Curious Climate schools
Curious Climate schools

Dr Narissa Bax

Centre for Marine Socioecology (currently based in the Falkland Islands)
Research Areas
Antarctic seafloor ecology, blue carbon, marine protected areas, connectivity and conservation, deep-sea stylasteridae corals, Falkland Islands, Sub-Antarctica, Patagonia, Myanmar
Why I do what I do
I have worked as a marine scientist in tropical, temperate and polar environments, collaborated and led multiple Antarctic field seasons, dived in Patagonia, contributed to marine management in Myanmar and worked in natural history collections around the world. As a consequence, I have witnessed some of Earth’s most spectacular biodiversity across a career inspired by Indonesia’s coral triangle ~17 years ago. I have also witnessed change and loss and hope to curb these trends by focusing my attention on remote, comparatively intact and isolated environments of high biodiversity. I am currently based in the Falkland Islands where I hope to coordinate at sea sampling and technology in unexplored mesophotic and deep-sea ecosystems – where preliminary investigations have identified new biodiversity habitats in 2021. Including previously unrecorded local marine-scapes; new records for stylasterid coral assemblages, rhodolith beds (coralline algae nodules), and reef-like aggregations of parchment worms. Due to the rare frontier location of the Falklands at the intersection of the South Atlantic and Sub-Antarctic – this research encompasses a vast geographic area of globally unique Vulnerable Marine Ecosystems (VMEs), and advances biodiversity protection and nature-based solutions to climate change globally.
Something interesting about me
Last week I co-discovered a bright blue sea slug in a local rock pool. This species is a first record for the Falkland Islands and a unique find. The only known description fitting this sea slug is from a South American expedition in 1948.

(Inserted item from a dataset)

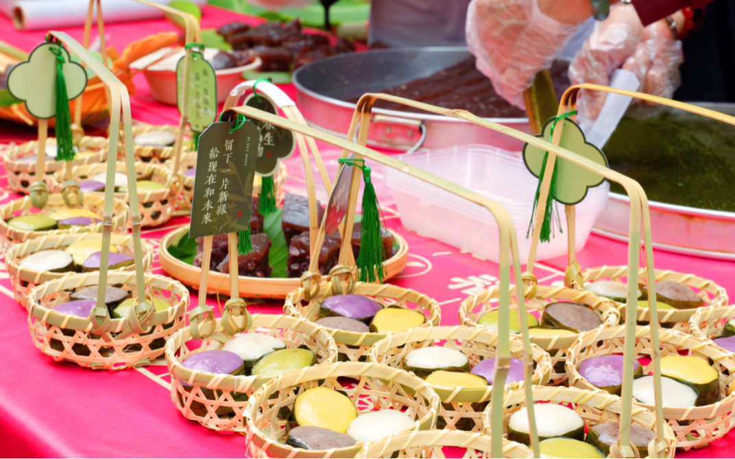 赏民俗、看非遗、品美食,认识一个更有韵味的龙华。3月11日,在骑楼老街得胜沙路冼夫人纪念馆门前,处处洋溢着欢声笑语,一场别开生面的“长桌宴”活动热闹举行。长桌整齐排列,桌上摆满了琳琅满目的海南本地特色美食,有热气腾腾的碱水馍、糯米丸子、斑斓糕、糖水面等,软糯香甜,香气四溢。

Questions answered by this expert

What does the melting of glaciers in Antarctica mean for Tasmania and our climate?

View Answer

Because glaciers hold large amounts of water in the form of ice the most immediate concern for island locations like Tassie is sea level rise. Rising sea levels could result in erosion, flooding, storm damage and the loss of beaches and infrastructure - impacting animal and human communities along Tassie’s coasts. This ice loss also impacts the climate because ice helps to cool the entire planet (including Tassie) by reflecting heat (known as the albedo effect) into the atmosphere. As glaciers melt the area that reflects heat is reduced, so there is more warming, which in turn leads to more melting and this melt water can also enter ocean currents around locations like Tassie with a cooling effect which slows warmer current systems. This cooling and slowing could impact the migration, feeding and spawning patterns of animals such as fish. Hopefully humans will curb their carbon emissions to protect island locations from the worst impacts of sea level rise, warming and changes in current patterns. There are things we can all do to help, like think carefully about how much energy we use and the carbon emissions we can reduce in our daily lives and engage with political leaders to do the right thing for the planet.